'''

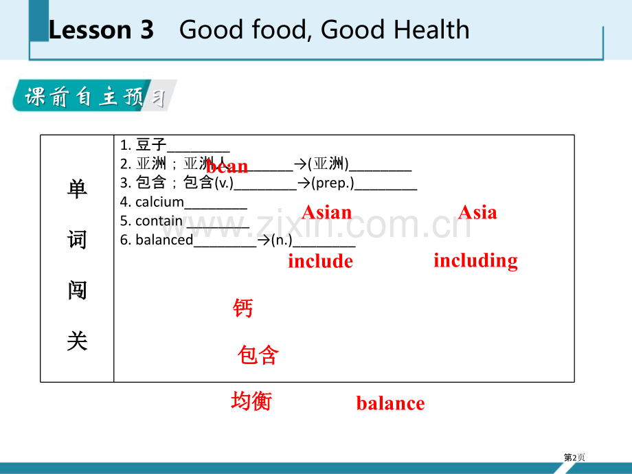 Good Food,Good HealthUnit 1 Stay Healthy第1页课前自主预习课前自主预习Lesson 3Good food,Good Health单单词词闯闯关关1.豆子_2.亚洲;亚洲人_(亚洲)_3.包含;包含(v.)_(prep.)_4.calcium_5.contain _6.balanced_(n.)_ beanAsianAsiaincludeincluding钙钙包含包含均衡均衡balance第2页短短语语互互译译1.由由制成制成_2.保持健康保持健康_3.富含富含_ 4.充满了充满了_5.均衡饮食均衡饮食_be made ofstay/keep healthybe rich inbe full ofa balanced dietLesson 3Good food,Good Health第3页 短短语语互互译译6.in ones opinion _7.Western countries _8.at last _9.at least _10.bean products _西方国家西方国家最终最终最少最少豆制品豆制品/豆类制品豆类制品Lesson 3Good food,Good Health在某人看来在某人看来第4页句句型型在在线线1.早餐麦片粥也是由不一样谷物制成。Breakfast cereal _ also _ _ differentgrains.2.沙拉在西方国家非常流行。Salads _ very _ _ Western countries.made are inis ofpopularLesson 3Good food,Good Health第5页句句型型在在线线3.钙使你骨骼和牙齿健壮。Calcium _ your bones and teeth _4.均衡饮食将会使你保持健康并给你提供许多能量!A balanced diet will _ _ _ and give you lots of energy!makeshealthystrong keepyouLesson 3Good food,Good Health第6页课堂互动探究课堂互动探究词汇点睛词汇点睛 1Asian adj.亚洲亚洲n.亚洲人亚洲人观察观察 In China and other East Asian countries,people often eat tofu and other bean products.在中国和其它东亚国家,人们经常吃豆腐和其它豆制品。在中国和其它东亚国家,人们经常吃豆腐和其它豆制品。He is an Asian.他是亚洲人。他是亚洲人。Lesson 3Good food,Good Health第7页探究探究 Asian用作用作_词时,意为词时,意为“亚洲亚洲”,常位于,常位于_词前作定语;它还能够用作词前作定语;它还能够用作_词,意为词,意为“亚洲人亚洲人”,其复数形式为,其复数形式为Asians。形容形容名名名名Lesson 3Good food,Good Health拓展拓展 常见洲名、该洲人及其形容词形式:常见洲名、该洲人及其形容词形式:Asia亚洲亚洲Asian亚洲人;亚洲(人)Europe欧洲欧洲European欧洲人;欧洲(人)Africa非洲非洲African非洲人;非洲(人)America美洲美洲American美洲人;美洲(人)第8页Lesson 3Good food,Good Health注意注意 以以n结尾某个大洲人或某国人,其复数结尾某个大洲人或某国人,其复数形式通常直接加形式通常直接加s。如:。如:three Europeans三个欧洲人,三个欧洲人,five Australian 五个澳大利亚人。五个澳大利亚人。第9页活学活用活学活用 1(1)Last year we went to Egypt,but this summer we are going to visit an _(亚洲亚洲)country.(2)There are five _(Asian)in their school.AsianLesson 3Good food,Good HealthAsians第10页2include v.包含;包含包含;包含观察观察 A wellbalanced diet includes foods from each food group.均衡饮食包含来自不一样食物群中食物。均衡饮食包含来自不一样食物群中食物。He sang four pop songs,including an English song.他唱了四首流行歌曲,包含一首英文歌。他唱了四首流行歌曲,包含一首英文歌。Lesson 3Good food,Good Health第11页Lesson 3Good food,Good Health探究探究表示表示include 为为_词,常在句中作谓语动词;词,常在句中作谓语动词;including为为_词,其前加逗号与前面内容隔开,词,其前加逗号与前面内容隔开,惯用在主语、宾语等之后,起补充说明作用。惯用在主语、宾语等之后,起补充说明作用。动动介介第12页2Many cities in China,_ Beijing,have been deeply affected by dirty air.Aincluding Bbehind Cwithout DbeyondALesson 3Good food,Good Health第13页句型透视句型透视1Breakfast cereal is also made of different grains.早餐麦片粥也是由不一样谷物制成。早餐麦片粥也是由不一样谷物制成。Lesson 3Good food,Good Health第14页 探究探究 be made of 意为意为“_”,指从原料到成品,指从原料到成品,只发生了形状改变,属于只发生了形状改变,属于_改变;改变;be made from 意为意为“由由制成制成”,指从原料到成品,发生了本质改变,属于化学指从原料到成品,发生了本质改变,属于化学改变;改变;be made in 后接表示地点词,表示某物产自某地;后接表示地点词,表示某物产自某地;be made by 后面接表示人名词或代词,强调动作执行者。后面接表示人名词或代词,强调动作执行者。由由制成制成物理物理Lesson 3Good food,Good Health第15页 图解助记图解助记 拓展拓展 be made up of 表示表示“由由组成组成(组成组成)”,强调主语由强调主语由两部分或两部分以上组成或组成。两部分或两部分以上组成或组成。The group is made up of five members.这组由这组由5个组员组成。个组员组成。Lesson 3Good food,Good Health第16页活学活用活学活用 1用适当介词或副词填空用适当介词或副词填空(1)The desk is made _ wood.(2)Paper is made_ wood.(3)The machines were made _ the workers.(4)This kind of watch is made _ Shanghai.offrombyLesson 3Good food,Good Healthin第17页2Salads are very popular in Western countries.沙拉在西方国家非常流行。沙拉在西方国家非常流行。Lesson 3Good food,Good Health第18页 探究探究 popular 为为_词,意为词,意为“流行,受欢迎流行,受欢迎”;“受某人欢迎受某人欢迎”能够用能够用_表示。表示。The actor is popular with young students.这名演员受年轻学生欢迎。这名演员受年轻学生欢迎。Computer games are popular among young people.电脑游戏受年轻人欢迎。电脑游戏受年轻人欢迎。Lesson 3Good food,Good Health形容形容be popular with/among sb.第19页2(1)Shopping on the Internet has become more and more p_ in our life.opularLesson 3Good food,Good Health第20
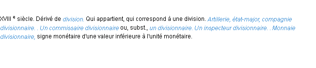 Ancienne définition académique pour le terme « divisionnaire » (parue en 1835).
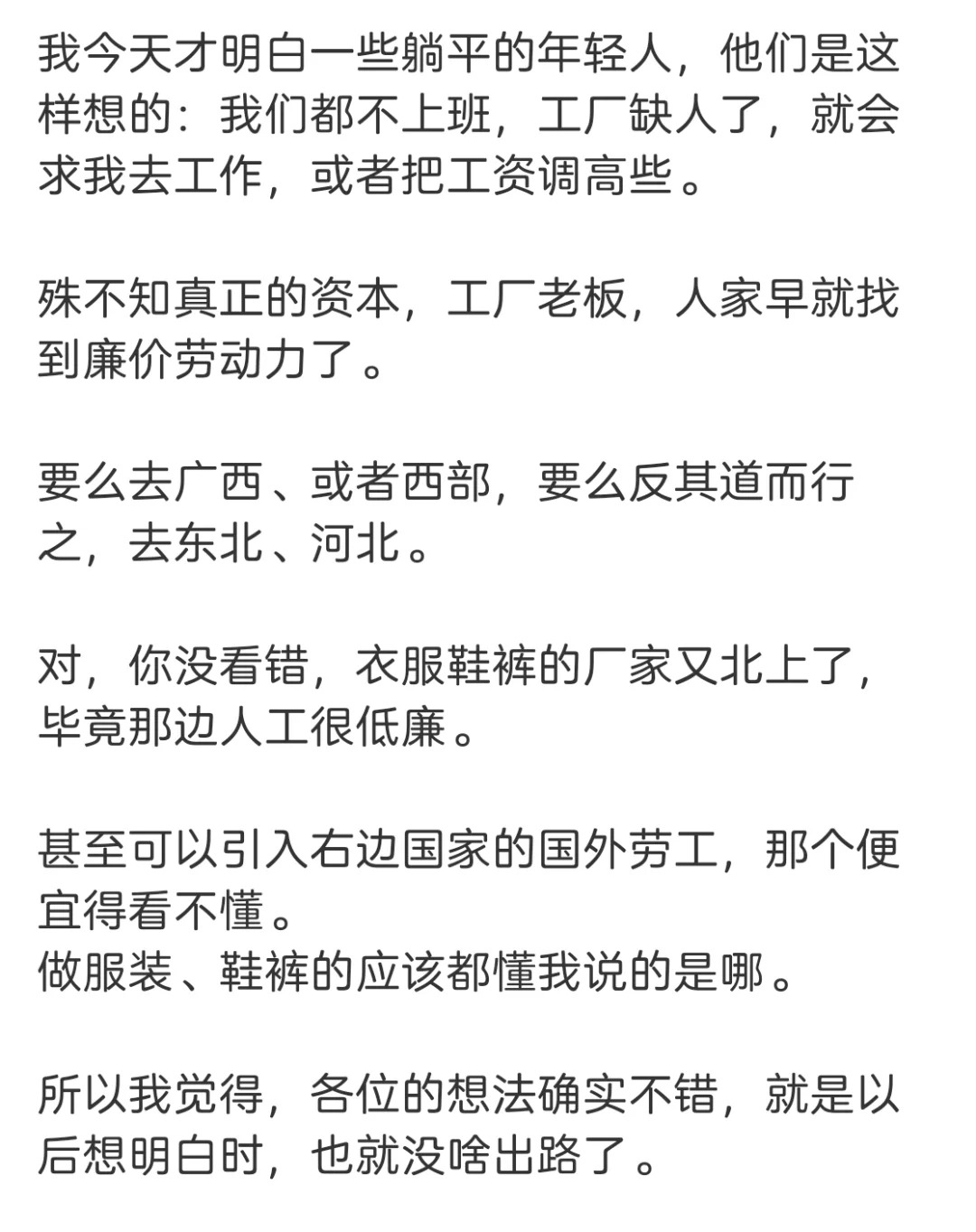 现在的状况就是,你躺平就请躺好,老板去更廉价的地方开厂丈招人了
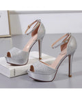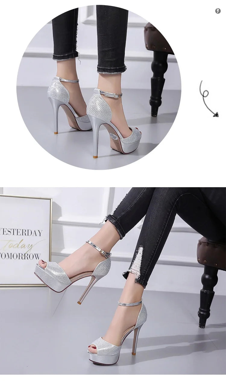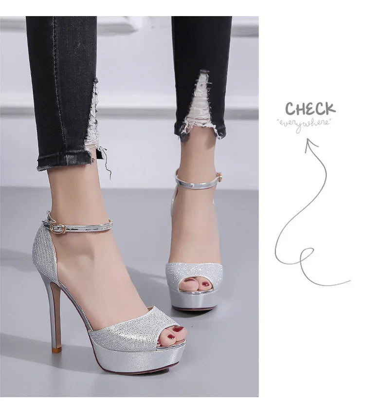 Bling Sandals Women Shoes 2019 Gladiator High Heels 12CM Platform Sandals Pumps Peep Toe Ladies Shoes Party Bridal Wedding Shoes
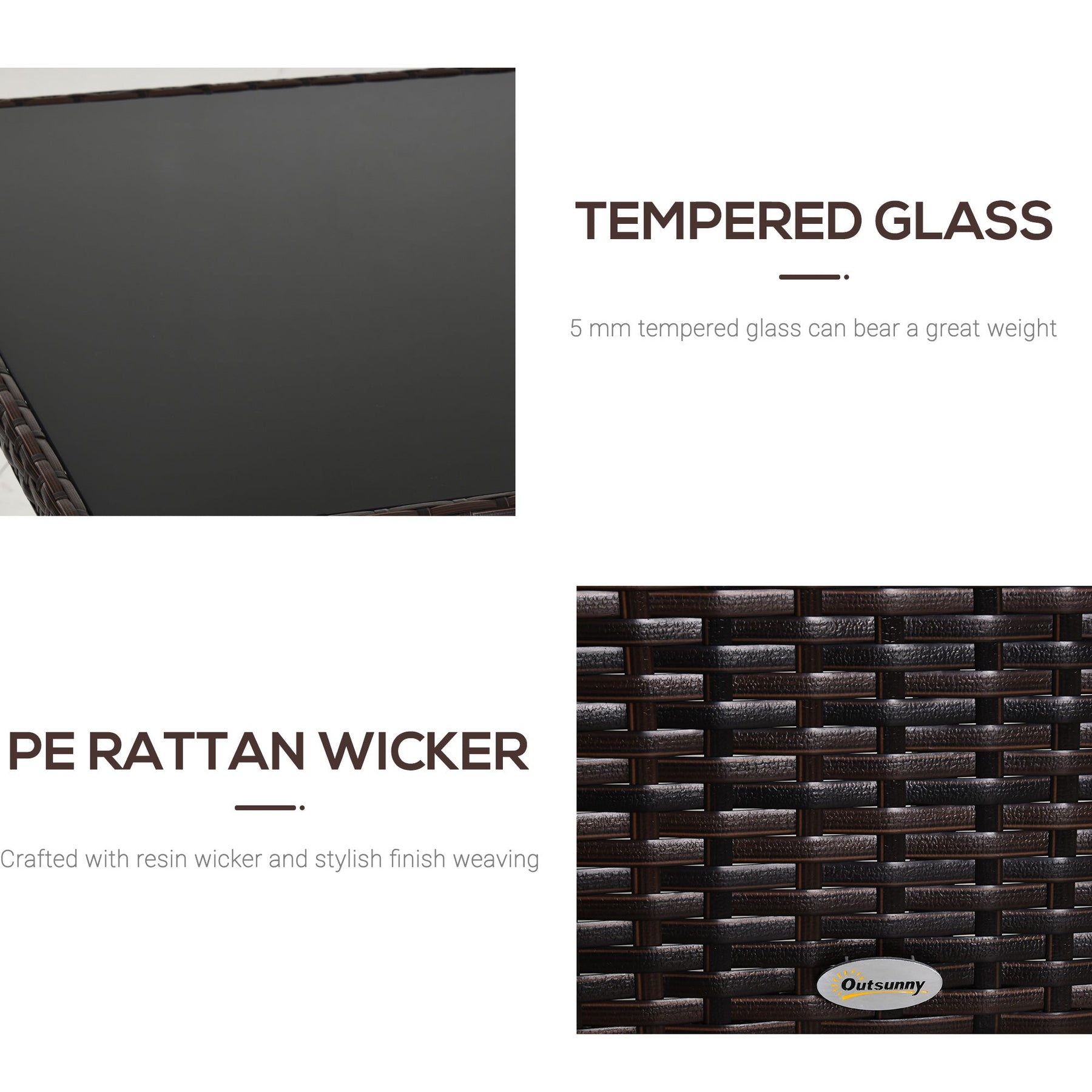 Outsunny Patio Rattan Dining Table with Glass Top Storage Shelf Yard Furniture 59"x34"x29" Brown

'''

Work instructions: Return exactly, and only, the lines that run from the line containing "Bling Sandals Women" to the last line of the entries above, both ends included, with pictures left out.

Result for this task:
 Bling Sandals Women Shoes 2019 Gladiator High Heels 12CM Platform Sandals Pumps Peep Toe Ladies Shoes Party Bridal Wedding Shoes
 Outsunny Patio Rattan Dining Table with Glass Top Storage Shelf Yard Furniture 59"x34"x29" Brown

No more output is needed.